Winning Weekend

Shake-of-the-Day

Spacebee and I headed down Illinois-way for a surprise birthday extravadanza for Spacebee’s Mom.  It was a fun time all around, but the highlight was kinda-sorta an accident.

It was a surprise that spacebee and I would attend, so we had to be kept under lock and key until the party on Saturday night.  As such I demanded to go play golf with my future Brother-in-Law on Saturday morning.  After an early deluge of rain we headed out Cedar Dell for some country golfin’ action.  I played, literally, my worst game of the year and lost $8 to my opponent (almost the max I could lose.)

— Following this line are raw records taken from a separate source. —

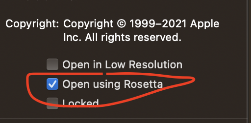 转到应用程序>右键单击Xcode > Get信息>选择Open使用Rosetta重启系统
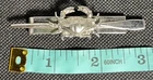 This vintage money clip is crafted from sterling silver and adorned with a detailed crab motif. Designed by Wells, this piece offers both elegance and functionality. Its lustrous finish and intricate design make it a sophisticated accessory for those who appreciate marine-themed motifs. • Sterling silver construction • Detailed crab motif • Durable and stylish • Vintage design • Brand: Wells Tarnishing and light surface scratches evident, typical for vintage sterling silver items. Total width = approximately 3 inches.
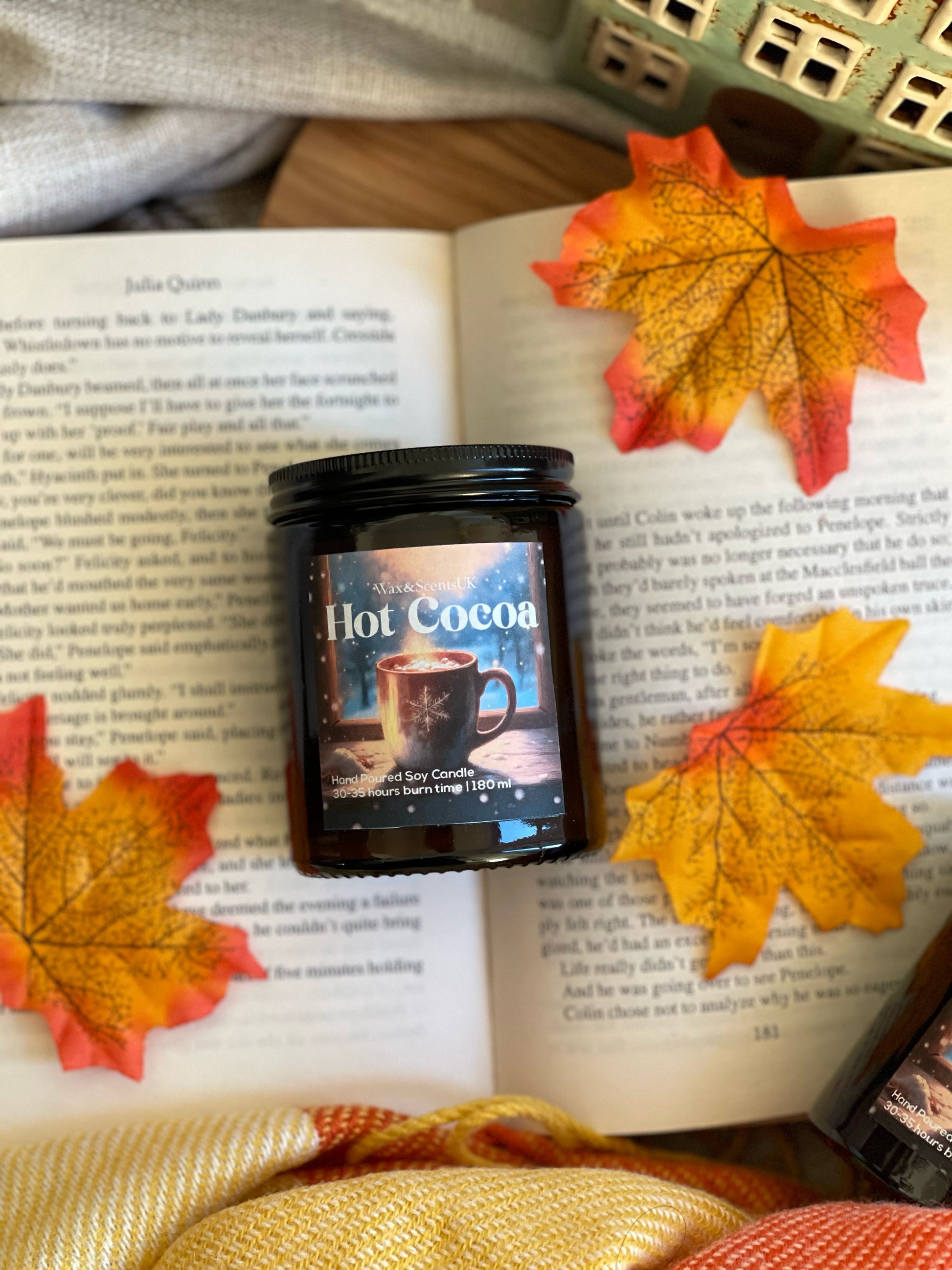 Indulge in the sweet and decadent fragrance of Hot Cocoa with this natural soy wax candle. This candle is made in the UK with the best quality ingredients, such as pure soy wax and premium fragrance oils. The scent is a delicious and creamy blend of rich chocolate, vanilla sugar, and marshmallow. It will fill your room with the aroma of a hot cup of cocoa on a cold day. The soy wax is made from natural soybeans, and the candles are hand-poured in the UK.
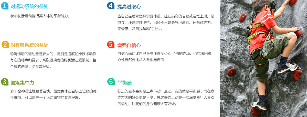 ●用于培养大学、中学生毅力和心里素质的教学岩壁。
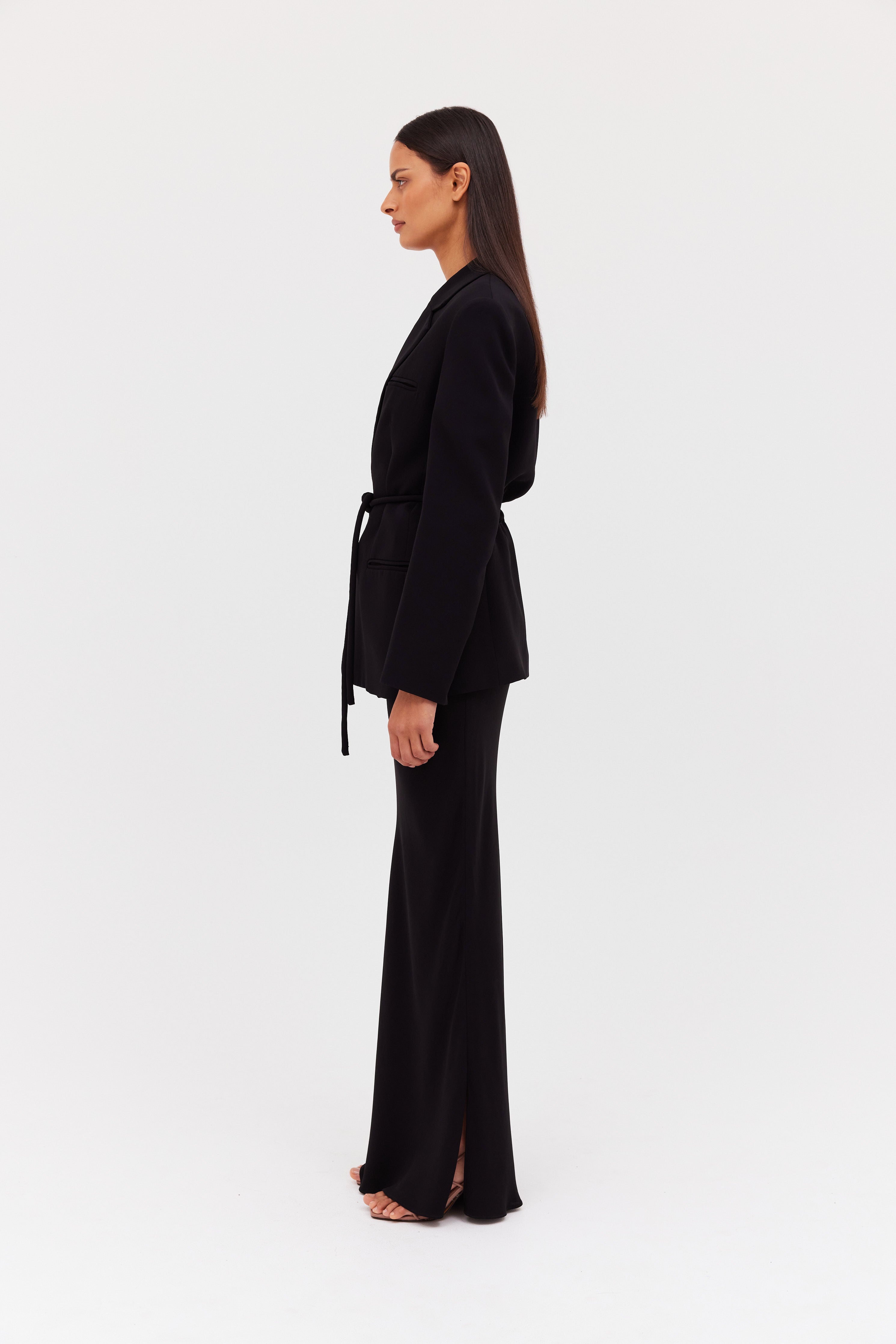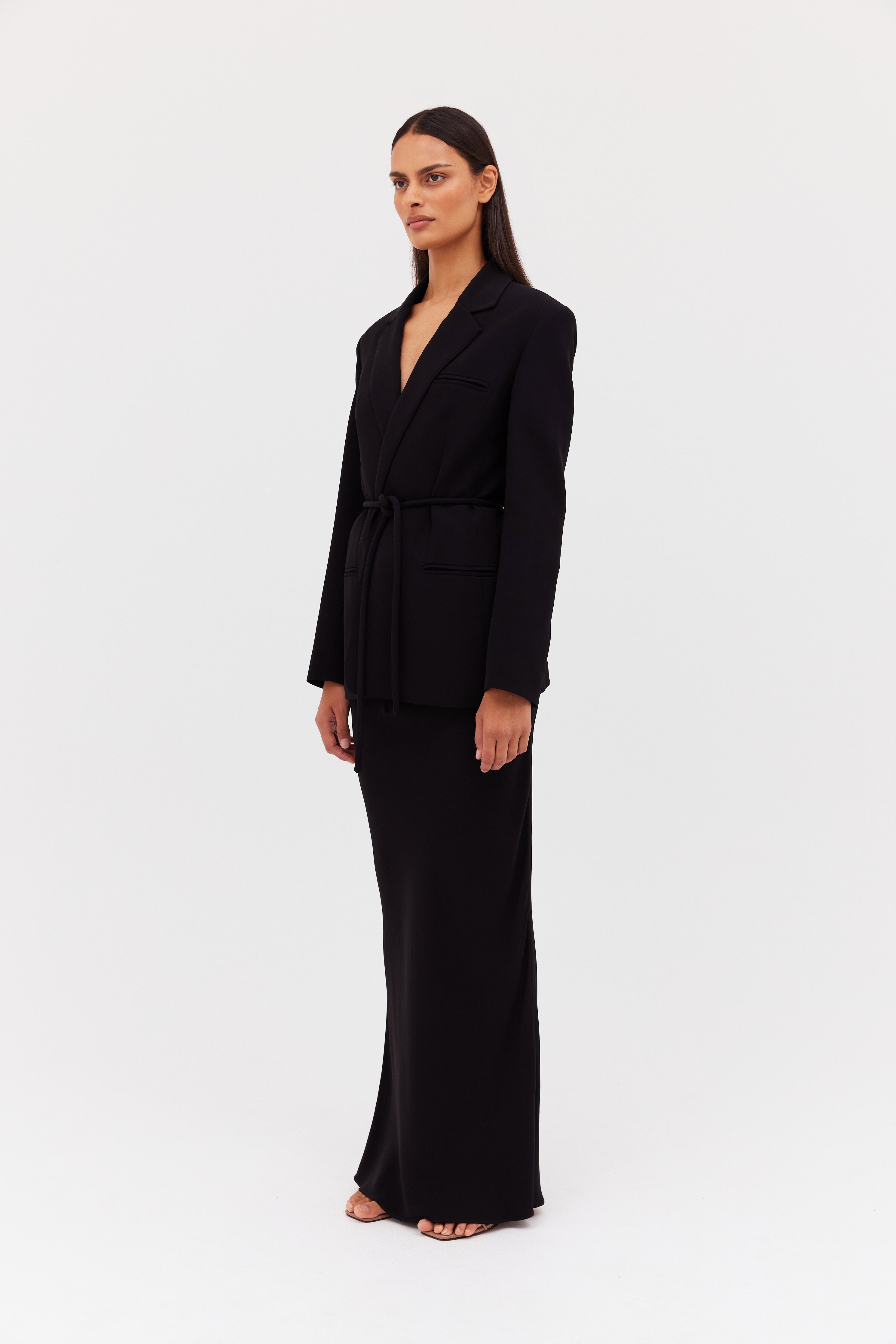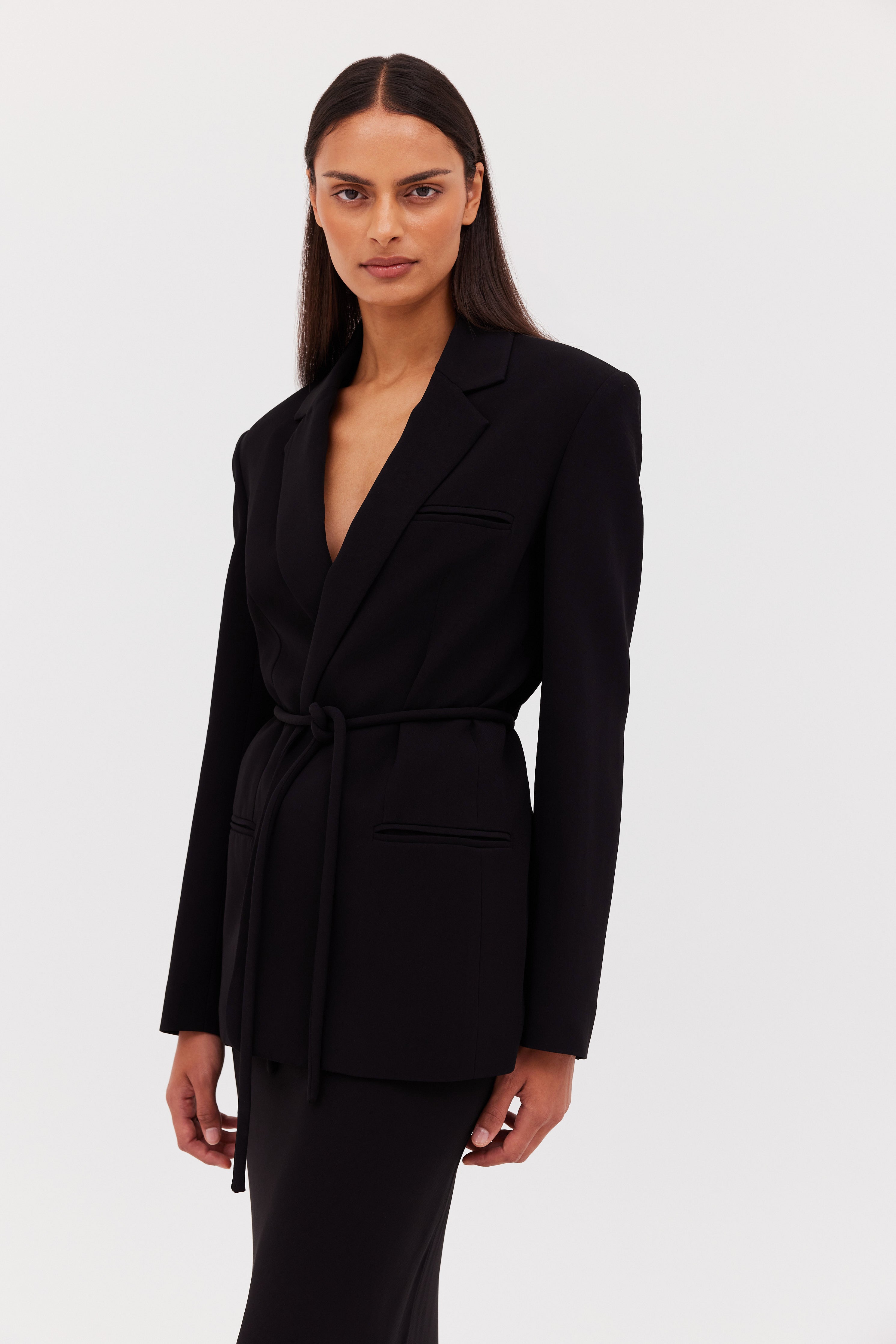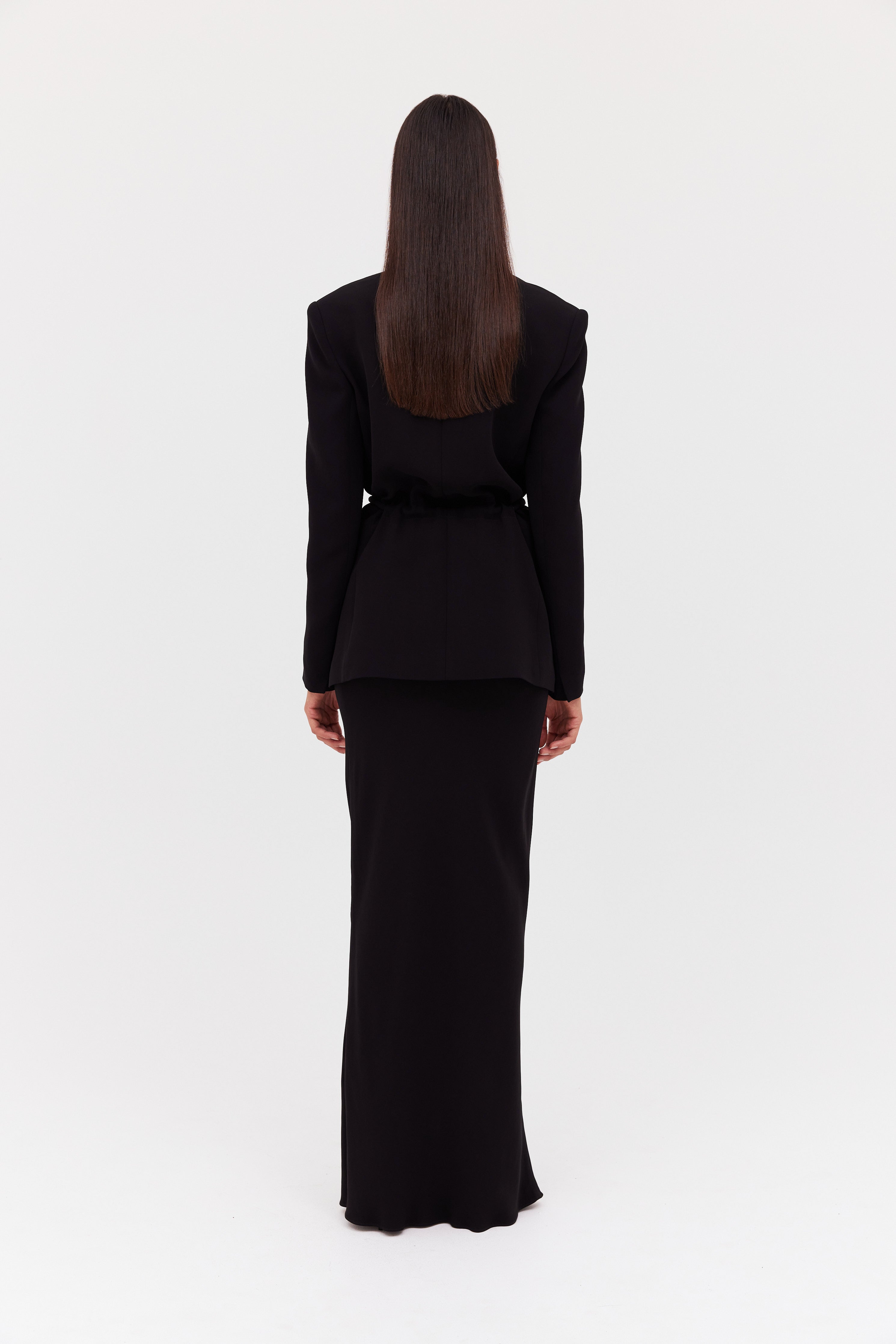 Unrestricted tailoring for modern dressing. The Shifting Jacket is constructed in Black Crepe and designed with an adjustable drawstring that plays on utility.
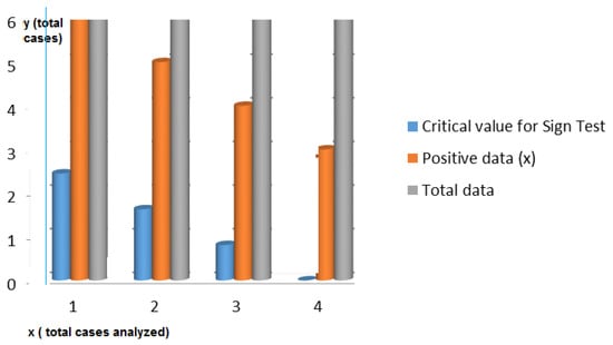 - Applying the Mann–Whitney test, the p-value increases as the number of cases decreases. This means that, in this case, up to 7 cases have to be taken into account to gather evidence to reject H0 (Table 9).
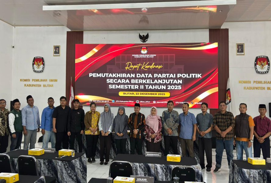 KPU Kabupaten Blitar melakukan Rapat Koordinasi Pemutakhiran Data Partai Politik Berkelanjutan Semester II pada Selasa, 23/12/2025.

After a few drinks at the club house we headed to another country tavern so that I could sample the Best Burger in Town.  It was, as advertised, delicious.

Finally, as we moseyed back to the house my ever-alert passenger mentioned in passing, “you realize we’re close to Stoney’s, don’t you?”  Stoney’s is the greatest bar in Illinois, and high in the running for Best Bar Worldwide (though it would never top the Main Depot.)  Stoney’s is 1/2 liquor store and 1/2 bar.  There are two dart boards and Golden Tee classic.  Enough said.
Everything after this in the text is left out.